WORK TO BE COMPLETED — Every record should be written out exactly, please.

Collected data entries

----

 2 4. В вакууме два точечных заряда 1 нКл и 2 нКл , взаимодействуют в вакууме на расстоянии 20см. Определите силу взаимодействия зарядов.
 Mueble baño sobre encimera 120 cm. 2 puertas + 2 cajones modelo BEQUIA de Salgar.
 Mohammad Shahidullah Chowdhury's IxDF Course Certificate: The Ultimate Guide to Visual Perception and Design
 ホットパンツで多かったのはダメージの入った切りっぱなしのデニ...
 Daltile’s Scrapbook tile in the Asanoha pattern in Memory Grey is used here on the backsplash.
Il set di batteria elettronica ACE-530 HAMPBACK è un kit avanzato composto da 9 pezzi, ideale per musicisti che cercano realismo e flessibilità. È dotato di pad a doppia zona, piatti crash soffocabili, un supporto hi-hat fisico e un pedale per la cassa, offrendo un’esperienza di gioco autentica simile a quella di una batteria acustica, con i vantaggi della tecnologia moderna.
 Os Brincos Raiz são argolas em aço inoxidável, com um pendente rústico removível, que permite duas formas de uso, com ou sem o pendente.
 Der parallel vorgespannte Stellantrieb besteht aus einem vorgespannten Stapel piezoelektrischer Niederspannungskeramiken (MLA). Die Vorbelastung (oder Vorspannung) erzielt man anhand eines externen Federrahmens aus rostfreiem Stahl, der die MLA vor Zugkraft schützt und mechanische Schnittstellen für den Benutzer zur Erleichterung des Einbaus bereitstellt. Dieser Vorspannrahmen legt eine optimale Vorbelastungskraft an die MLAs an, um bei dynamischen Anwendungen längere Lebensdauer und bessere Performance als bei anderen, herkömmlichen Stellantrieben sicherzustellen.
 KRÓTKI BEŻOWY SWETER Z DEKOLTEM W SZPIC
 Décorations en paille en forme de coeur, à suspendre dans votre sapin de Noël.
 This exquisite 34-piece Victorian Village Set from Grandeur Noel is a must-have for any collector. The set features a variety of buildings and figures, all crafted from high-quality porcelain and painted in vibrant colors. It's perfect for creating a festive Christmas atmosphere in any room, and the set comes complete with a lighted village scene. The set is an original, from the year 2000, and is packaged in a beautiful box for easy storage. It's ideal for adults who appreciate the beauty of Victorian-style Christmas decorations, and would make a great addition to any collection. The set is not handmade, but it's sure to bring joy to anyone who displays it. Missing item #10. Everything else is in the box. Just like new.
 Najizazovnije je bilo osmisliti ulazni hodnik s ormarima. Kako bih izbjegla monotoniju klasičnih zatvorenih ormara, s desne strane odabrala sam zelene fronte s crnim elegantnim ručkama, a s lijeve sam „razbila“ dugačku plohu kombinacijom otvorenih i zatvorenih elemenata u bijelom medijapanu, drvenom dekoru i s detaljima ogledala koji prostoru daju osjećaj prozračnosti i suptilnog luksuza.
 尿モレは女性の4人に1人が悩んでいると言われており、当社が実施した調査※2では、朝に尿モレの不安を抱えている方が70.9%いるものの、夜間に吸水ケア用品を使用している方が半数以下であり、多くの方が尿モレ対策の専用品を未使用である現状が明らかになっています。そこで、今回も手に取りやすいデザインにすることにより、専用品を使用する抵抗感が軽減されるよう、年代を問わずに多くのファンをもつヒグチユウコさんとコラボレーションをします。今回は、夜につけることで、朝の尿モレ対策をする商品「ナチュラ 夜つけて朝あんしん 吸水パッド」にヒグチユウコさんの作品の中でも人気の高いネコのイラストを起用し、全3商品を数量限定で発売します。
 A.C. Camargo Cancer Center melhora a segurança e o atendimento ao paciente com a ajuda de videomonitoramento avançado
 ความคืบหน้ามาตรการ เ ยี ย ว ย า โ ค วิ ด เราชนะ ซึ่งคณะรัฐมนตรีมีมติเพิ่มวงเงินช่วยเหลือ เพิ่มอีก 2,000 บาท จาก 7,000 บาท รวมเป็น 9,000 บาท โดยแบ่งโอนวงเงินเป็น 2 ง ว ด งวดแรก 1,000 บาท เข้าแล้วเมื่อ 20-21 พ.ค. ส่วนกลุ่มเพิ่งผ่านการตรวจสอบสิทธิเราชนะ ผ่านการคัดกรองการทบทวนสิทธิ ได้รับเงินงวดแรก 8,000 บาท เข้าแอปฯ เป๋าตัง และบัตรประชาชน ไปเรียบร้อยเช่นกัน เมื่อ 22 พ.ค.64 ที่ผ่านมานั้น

----

SOLUTION FOR THIS PROBLEM —
 2 4. В вакууме два точечных заряда 1 нКл и 2 нКл , взаимодействуют в вакууме на расстоянии 20см. Определите силу взаимодействия зарядов.
 Mueble baño sobre encimera 120 cm. 2 puertas + 2 cajones modelo BEQUIA de Salgar.
 Mohammad Shahidullah Chowdhury's IxDF Course Certificate: The Ultimate Guide to Visual Perception and Design
 ホットパンツで多かったのはダメージの入った切りっぱなしのデニ...
 Daltile’s Scrapbook tile in the Asanoha pattern in Memory Grey is used here on the backsplash.
Il set di batteria elettronica ACE-530 HAMPBACK è un kit avanzato composto da 9 pezzi, ideale per musicisti che cercano realismo e flessibilità. È dotato di pad a doppia zona, piatti crash soffocabili, un supporto hi-hat fisico e un pedale per la cassa, offrendo un’esperienza di gioco autentica simile a quella di una batteria acustica, con i vantaggi della tecnologia moderna.
 Os Brincos Raiz são argolas em aço inoxidável, com um pendente rústico removível, que permite duas formas de uso, com ou sem o pendente.
 Der parallel vorgespannte Stellantrieb besteht aus einem vorgespannten Stapel piezoelektrischer Niederspannungskeramiken (MLA). Die Vorbelastung (oder Vorspannung) erzielt man anhand eines externen Federrahmens aus rostfreiem Stahl, der die MLA vor Zugkraft schützt und mechanische Schnittstellen für den Benutzer zur Erleichterung des Einbaus bereitstellt. Dieser Vorspannrahmen legt eine optimale Vorbelastungskraft an die MLAs an, um bei dynamischen Anwendungen längere Lebensdauer und bessere Performance als bei anderen, herkömmlichen Stellantrieben sicherzustellen.
 KRÓTKI BEŻOWY SWETER Z DEKOLTEM W SZPIC
 Décorations en paille en forme de coeur, à suspendre dans votre sapin de Noël.
 This exquisite 34-piece Victorian Village Set from Grandeur Noel is a must-have for any collector. The set features a variety of buildings and figures, all crafted from high-quality porcelain and painted in vibrant colors. It's perfect for creating a festive Christmas atmosphere in any room, and the set comes complete with a lighted village scene. The set is an original, from the year 2000, and is packaged in a beautiful box for easy storage. It's ideal for adults who appreciate the beauty of Victorian-style Christmas decorations, and would make a great addition to any collection. The set is not handmade, but it's sure to bring joy to anyone who displays it. Missing item #10. Everything else is in the box. Just like new.
 Najizazovnije je bilo osmisliti ulazni hodnik s ormarima. Kako bih izbjegla monotoniju klasičnih zatvorenih ormara, s desne strane odabrala sam zelene fronte s crnim elegantnim ručkama, a s lijeve sam „razbila“ dugačku plohu kombinacijom otvorenih i zatvorenih elemenata u bijelom medijapanu, drvenom dekoru i s detaljima ogledala koji prostoru daju osjećaj prozračnosti i suptilnog luksuza.
 尿モレは女性の4人に1人が悩んでいると言われており、当社が実施した調査※2では、朝に尿モレの不安を抱えている方が70.9%いるものの、夜間に吸水ケア用品を使用している方が半数以下であり、多くの方が尿モレ対策の専用品を未使用である現状が明らかになっています。そこで、今回も手に取りやすいデザインにすることにより、専用品を使用する抵抗感が軽減されるよう、年代を問わずに多くのファンをもつヒグチユウコさんとコラボレーションをします。今回は、夜につけることで、朝の尿モレ対策をする商品「ナチュラ 夜つけて朝あんしん 吸水パッド」にヒグチユウコさんの作品の中でも人気の高いネコのイラストを起用し、全3商品を数量限定で発売します。
 A.C. Camargo Cancer Center melhora a segurança e o atendimento ao paciente com a ajuda de videomonitoramento avançado
 ความคืบหน้ามาตรการ เ ยี ย ว ย า โ ค วิ ด เราชนะ ซึ่งคณะรัฐมนตรีมีมติเพิ่มวงเงินช่วยเหลือ เพิ่มอีก 2,000 บาท จาก 7,000 บาท รวมเป็น 9,000 บาท โดยแบ่งโอนวงเงินเป็น 2 ง ว ด งวดแรก 1,000 บาท เข้าแล้วเมื่อ 20-21 พ.ค. ส่วนกลุ่มเพิ่งผ่านการตรวจสอบสิทธิเราชนะ ผ่านการคัดกรองการทบทวนสิทธิ ได้รับเงินงวดแรก 8,000 บาท เข้าแอปฯ เป๋าตัง และบัตรประชาชน ไปเรียบร้อยเช่นกัน เมื่อ 22 พ.ค.64 ที่ผ่านมานั้น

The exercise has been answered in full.